DMEMから血清を抜くのはダメでしょうね。
もしC2C12に使える無血清培地があるなら、それを使ってみるのはありだと思います。そっちの方が増殖速度が遅くなる可能性はあると思います。

C2C12に使える無血清培地の報告がないなら、インキュベータの温度を30℃ぐらいに下げるのはどうでしょうか?
大腸菌だけでなく、動物細胞も培養温度を下げて培養することはあるらしいです。
自分でやったことがないので責任はもてませんが、血清を抜くのよりは無難な気がします。

(無題) 削除/引用
No.2161-9 - 2013/07/03 (水) 14:44:23 - おお
>[Re:7] 55teaさんは書きました :


> ちなみに無血清では細胞増殖が止まってしまうものでしょうか?

どんな培地を考えているのでしょうか?それが示せないと答えようがないです。
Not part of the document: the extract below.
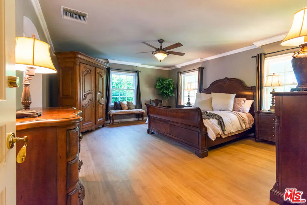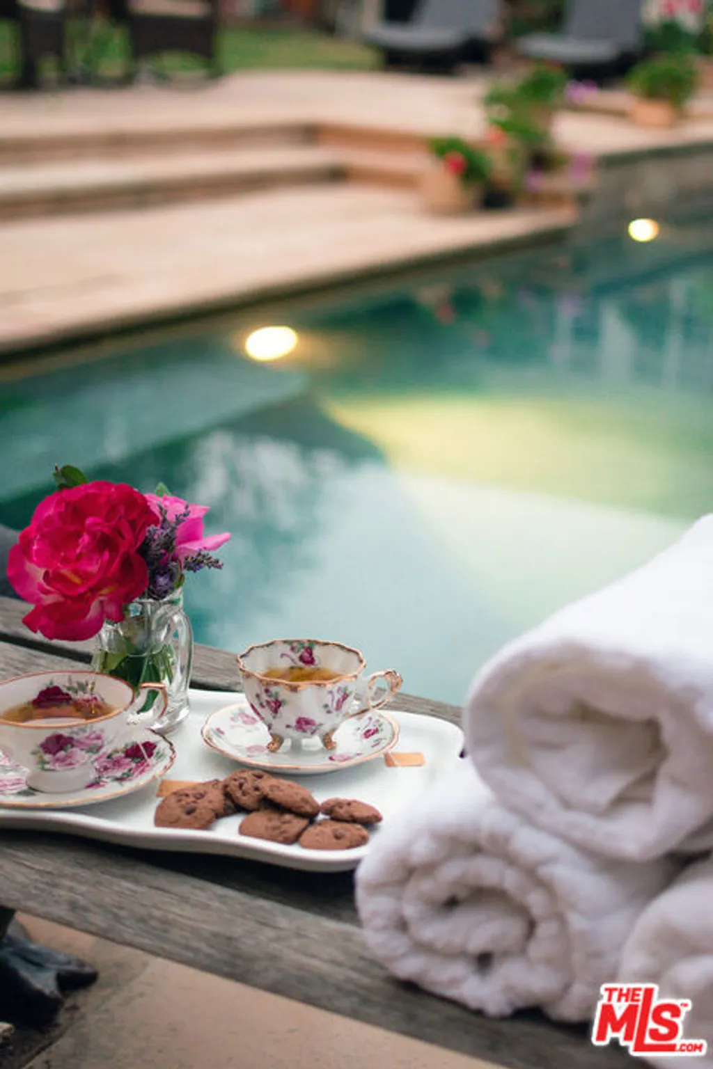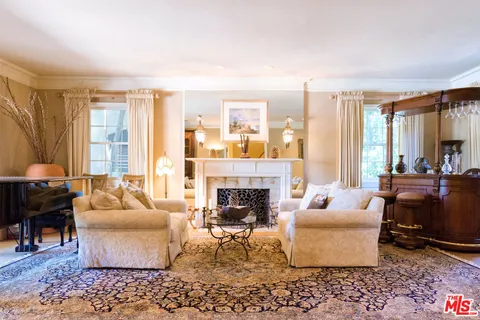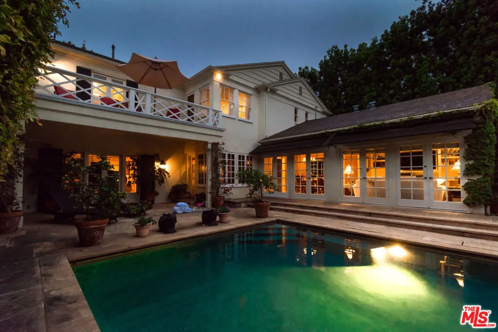 Secluded southern Colonial nestled on over 1/4 of an acre in the Beverly Hills Flats only 3 blocks from Beverly Hills Hotel! Approximately 5,000 S.F. of living space. Estate has beautiful hardwood floors, crown moldings, french doors, top of the line gourmet kitchen (2 New Miele Dishwashers/New Subzero Refrigerator/Freezer) with breakfast room with own sitting area. Gigantic balcony off master. Library with thoughtful built-ins, Huge formal dining room. The grounds are perfect for comfortable gatherings with pool, spa, grassy yard and 1000 s.f. guest house with full bathroom. Very private with tall shrubs surrounding front, sides of property and back yard. Home featured in Robert De Niro's movie, "What Just Happened."

まず通常の培地(DMEMとか)で血清をいれるのはなぜだと思いますか。その理由がわかれば血清を抜くと何が起こるかわかりますよね。それでもピンとこないならserum starvationという言葉をおもいだしてください。あるいはグーグルでけんさくしてみてください。

血清はいろいろなものを含んでいるので都合が悪いときがあり血清が少ない状態、ない状態でも細胞が増えるように成分を調製したものもあります。でもそう言うものは万能ではなく、細胞とそのばいちくわえて目的のコンビネーションで考えないといけません。

(無題) 削除/引用
No.2161-8 - 2013/07/03 (水) 13:51:57 - 脂肪
3T3-L1でも分化誘導後に細胞が剥がれやすくなることはありますよ。
分化誘導前に細胞をしっかりとオーバーコンフルエンスにして培地交換をゆっくりそっとやれば防げます。

しかしなぜC2C12で脂肪分化?
3T3-L1じゃないんですか?
もしたまたまラボにC2C12があって3T3-L1がないからとか、そういう理由でC2C12を脂肪分化に使うならやめた方がいいと思いますよ。
ちゃんと脂肪分化の実験をしたいなら3T3-L1なり3T3-F442Aなりを買った方がいいです。
もしくは初代培養するとか。

(無題) 削除/引用
No.2161-7 - 2013/07/03 (水) 13:38:27 - 55tea
皆様、コメントありがとうございます。

細胞を脂肪分化させるにあたっては、一応コンフルエントにしてから実験を始めた方が良いとの報告、データがあり、そういう発想になっております。
実際には、1週間程度の実験をしておりますが添加する物の性質上、あまり液がえをしたくないので、極力液換えを減らして何か方法がないのかなと模索しておりました。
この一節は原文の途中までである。